Designing Curricular Support for Critical Appraisal during Training: Hospital for Special Surgery Critical Literature Assessment Skills Support – Rheumatology (HSS CLASS-Rheum)

Application of the educational frameworks of Retrieval Enhanced Learning, Self-Determination Theory, and Communities of Practice can be seen in the design and implementation of a new learning tool called Hospital for Special Surgery Critical Literature Assessment Skills Support – Rheumatology (HSS CLASS-Rheum®).

Identification of Learning Objectives

To establish which study designs are particularly pertinent to rheumatologists, our group reviewed 30% of the clinical research articles (excluding opinion pieces, letters, and reviews) published in Annals of Rheumatic Disease, Arthritis and Rheumatology, and Arthritis Care and Research over a 9-month period. We selected these journals based on impact factor, their focus on original research, and broad coverage of general rheumatology.46 Registries, cohorts, and case control studies were most prevalent, followed by systematic reviews and meta-analyses, case series, and randomized controlled trials (RCTs) (Fig. 2). Although RCTs are generally thought of as providing a higher level of evidence, the high frequency of cohorts and case control studies in the rheumatic disease literature indicates that rheumatologists in particular must have a thorough understanding of these study designs. We used this information to inform the development of a set of key learning objectives reflecting these specific needs, to prepare rheumatology trainees to critically appraise the clinical rheumatic disease literature.

Fig. 2.

Fig. 2.

Distribution of study designs identified in clinical research articles from rheumatic disease literature.

Application of Retrieval Enhanced Learning (Retrieval Practice)

Given the proven benefits of retrieval practice, we developed a question-based curricular tool using varied response types. Recognizing the diversity of programs in terms of availability and expertise of faculty, and the different ways trainees’ time is organized, we designed HSS CLASS-Rheum to optimize flexibility in implementation. We used a Web-based assessment system capable of supporting retrieval practice through various question types and modes of delivery.

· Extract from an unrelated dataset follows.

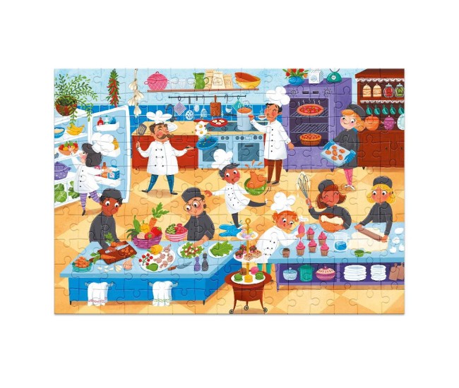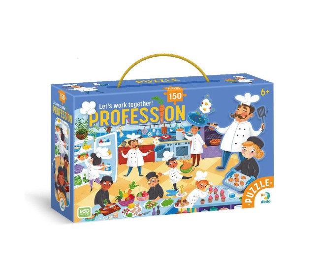 Puzzle-ul meserii - Bucatar de la Dodo, format din 150 de piese, ii invita pe copii sa exploreze fascinanta lume a bucatariei. Imaginea viu colorata infatiseaza o echipa de bucatari veseli, fiecare ocupat cu pregatirea unor delicii culinare. De la supe aromate si prajituri proaspat scoase din cuptor, pana la servirea preparatelor, acest puzzle reda atmosfera plina de viata dintr-o bucatarie adevarata.
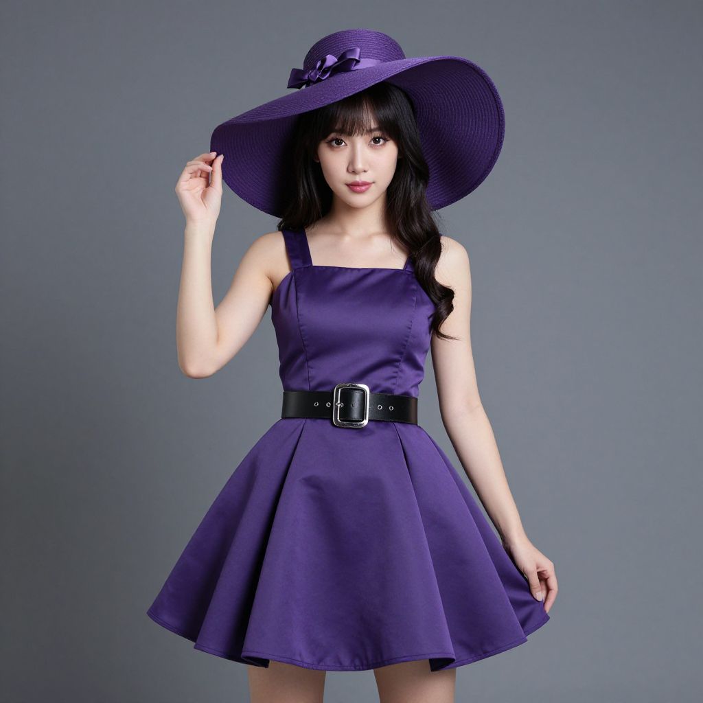 Photograph of an East Asian woman with fair skin and long black hair, wearing a sleeveless, purple A-line dress with a black belt featuring a silver buckle. She has on a wide-brimmed, purple hat adorned with a small bow on the side. Her right hand holds the hat's brim. She stands against a plain, gray background, gazing directly at the camera with a neutral expression. The dress's fabric appears smooth and slightly shiny, while the hat has a textured, woven pattern. Her makeup is minimal, emphasizing natural beauty.

HSS CLASS-Rheum can be deployed in 3 ways:

  1. Individual, Asynchronous

  2. Individual, Synchronous

  3. Team-based with Peer Instruction (Box 1)

Box 1. Hospital for Special Surgery Critical Literature Assessment Skills Support–Rheumatology (HSS CLASS-Rheum) modes for use.

Individual, Asynchronous
  • Trainees individually complete HSS CLASS-Rheum modules on their own time

  • Provides trainees with the most flexibility in choosing when to complete modules

Individual, Synchronous
  • Trainees individually complete HSS CLASS-Rheum modules during a set time, generally when they are scheduled to meet together

  • Can be followed by group discussion to further support learning

  • Provides trainees with dedicated time to complete modules

Team-Based, with Peer Instruction
  • Trainees are grouped into teams and go through 2 rounds of questioning

  • First they answer the module individually, without peer input

  • Then trainees discuss the questions with their teammates and submit a team answer for each question

  • Provides fellows with an opportunity to engage in Peer Instruction, associated with increases in problem-solving skills, conceptual knowledge of complex subjects, and performance on standardized assessments

We constructed introductory materials in print and video format (Video 1), explaining the purpose and use of HSS CLASS-Rheum.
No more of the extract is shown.